Standards

This little piece of trivia is something I read many years ago.  I copied it at the time, but I failed to note the original source.  Appropriately, the subtitle was “Really Being in a Rut.”

The U.S. standard railroad gauge (the distance between the rails) is 4 feet 8.5 inches.  That’s an exceedingly odd number.  Why was that gauge used?  Because that was the way they built them in England.  The first U.S. railroads were built by English expatriates.

Why did English expatriates build them like that?  Because the rail lines were built by the same people who built the pre-railroad tramways, and that’s the gauge they used.

Why did they use that gauge then?  Because the people who built the tramways used the same jigs and tools that they used for building wagons, which used that wheel spacing.

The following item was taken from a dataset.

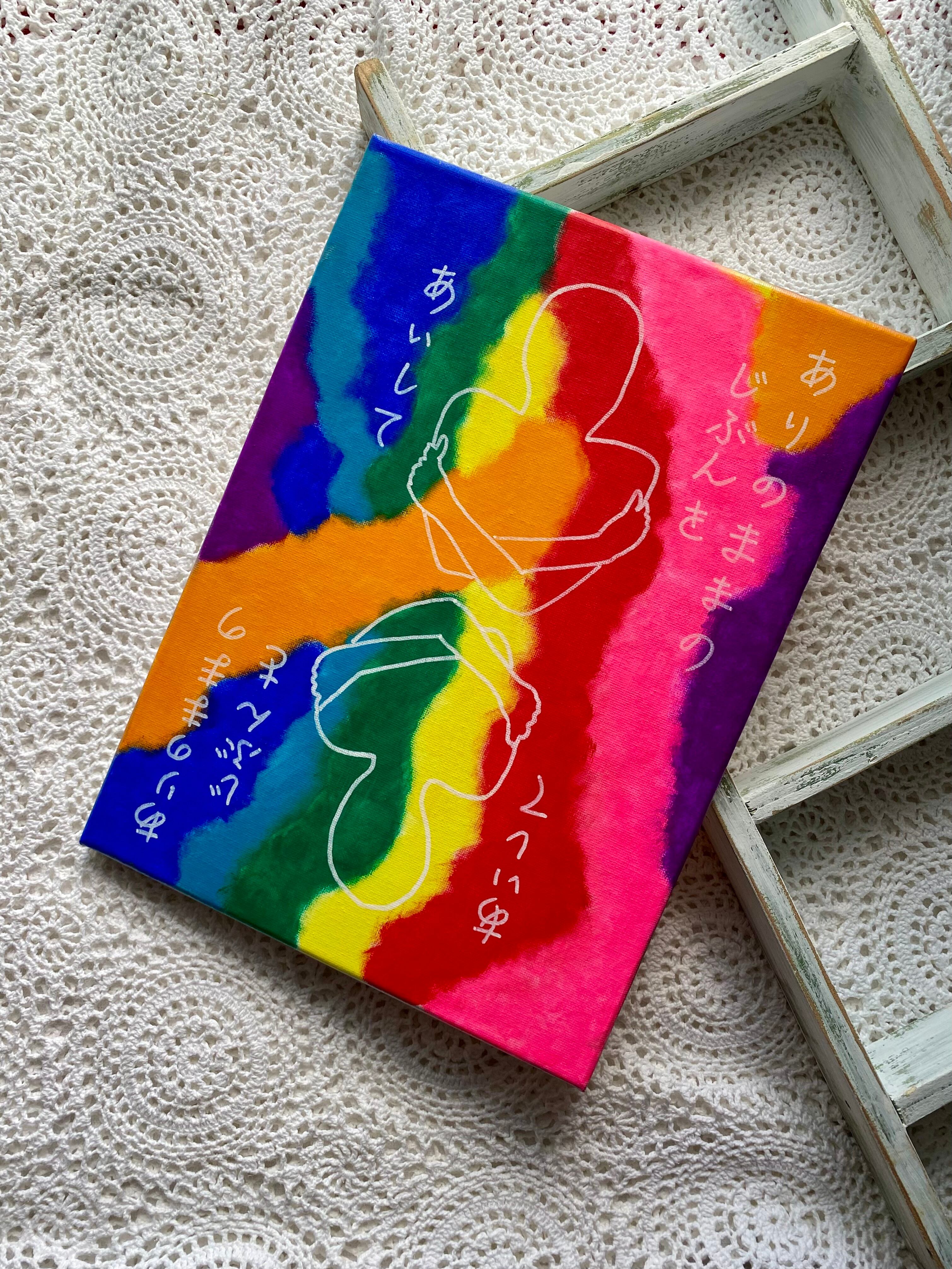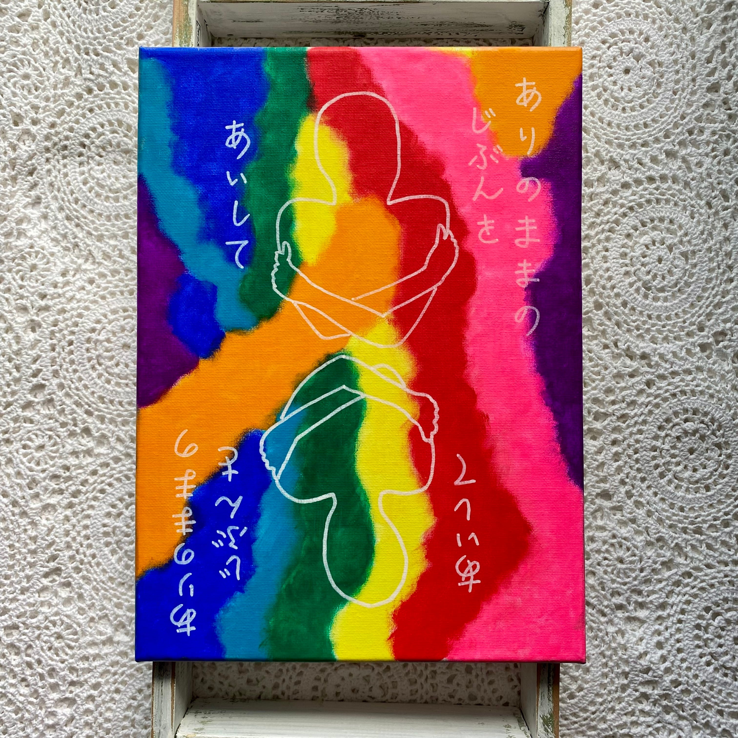 プライドフラッグカラーのカラフルな背景に自分を抱きしめている人が2人。女性っぽいシルエットと男性っぽいシルエット。あくまでも“ぽい”がポイントです。

Okay!  Why did the wagons use that odd wheel spacing?  Well, if they tried to use any other spacing the wagons would break on some of the old, long-distance roads, because that’s the spacing of the old wheel ruts.

So who built these old rutted roads?  The first long distance roads in Europe were built by Imperial Rome for the benefit of their legions.  The roads have been used ever since.   And the ruts?  The initial ruts, which everyone else also had to match for fear of destroying their wagons, were first made by Roman war chariots.  Since the chariots were made for or by Imperial Rome they were all alike in the matter of wheel spacing.

Thus we have the answer to the original question.  The United States standard railroad gauge of 4 feet 8.5 inches is derived from the original specifications for an Imperial Roman army war chariot.  Military specifications and bureaucracies live forever!

So, the next time you are handed a specification and wonder what horse’s ass came up with it, you may be exactly right.  The Imperial Roman war chariots were made to be just wide enough to accommodate the backends of two war horses.